I know this is an important ceremony for you, but unless your family is exceptionally well off I don’t think you can reasonably expect family to travel to another country to be a guest at a ceremony (even if you are well off, asking this is still a big ask). You say it’s really important to your family, but if your siblings aren’t prepared to do that, it’s clearly not as important to your whole family as you assume.

lyralalala · 09/10/2020 07:38

Could you speak to the church in your country and ask about a blessing? That's what friends of ours did as they both came from very religious families, but couldn't ask the families to travel (One from Aus, one from USA and they lived in the UK). They had the child christened in one country and then had a blessing in the other. For their second child they reversed it round.

That said if your family will travel to the UK and your DH's country is equal in terms of expense and distance then is it because it's your DH's country they won't go? Because you've picked his over yours? If so that would annoy me because it's a bit petty especially given his GPs can't travel.

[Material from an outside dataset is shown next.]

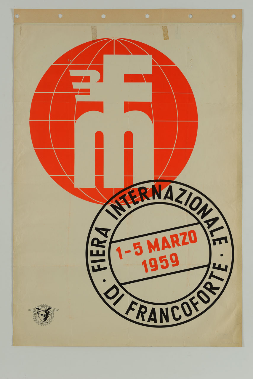 Lettura iconografica: logo; globo terrestre; cerchio. Categoria merceologica/ tipo evento: commercio; industria; artigianato; agricoltura; fiere; associazioni economiche. Nomi: Fiera Internazionale di Francoforte; Union des Foires Internationales. Luoghi: Germania; Assia; Darmstadt; Francoforte sul Meno

SharpLily · 09/10/2020 07:54

Oh dear, this is awkward. You’re never going to be able to please everyone in this situation so probably best to focus on what suits you. You say the christening is important to both sides of the family - well if it is that important to them they’ll accept they’ll have to travel. The fact is that if you do it in either home country, the other side of the family is going to be inconvenienced and feel slighted. The only way to avoid favoritism would be to do it where you live so they can all moan equally.

Florencex · 09/10/2020 07:57

I am with your family, I would not fly overseas for a christening and I especially wouldn’t at the moment.

SleepingStandingUp · 09/10/2020 09:39

Yeah Def sounds like they just don't want to go on holiday to your partner's homeland. Be honest op, where it is, would you spend hundreds willingly to go for fun? How God is the infrastructure, is one more ""developed"" than the other?
I agree with others, Christening should be in the church you attend with your friends and whoever wants to travel. Those that can't can Skype or film it and take it over with you to visit. Surely the important thing is that she's christened into the faith and God's protection, not that they're there to witness it

OoohTheStatsDontLie · 09/10/2020 10:18

Rather than expecting loads of people to travel to you, I'd just do it twice, once in his country and once in yours (if that's not possible eg like you cant get married twice, then I'd have a blessing or party in the second one). It doesn't sound like that big a deal to them, if they wouldn't attend

lyralalala · 09/10/2020 10:21

@Florencex

I am with your family, I would not fly overseas for a christening and I especially wouldn’t at the moment.
They are happy to fly overseas though. Just not to the DH's country.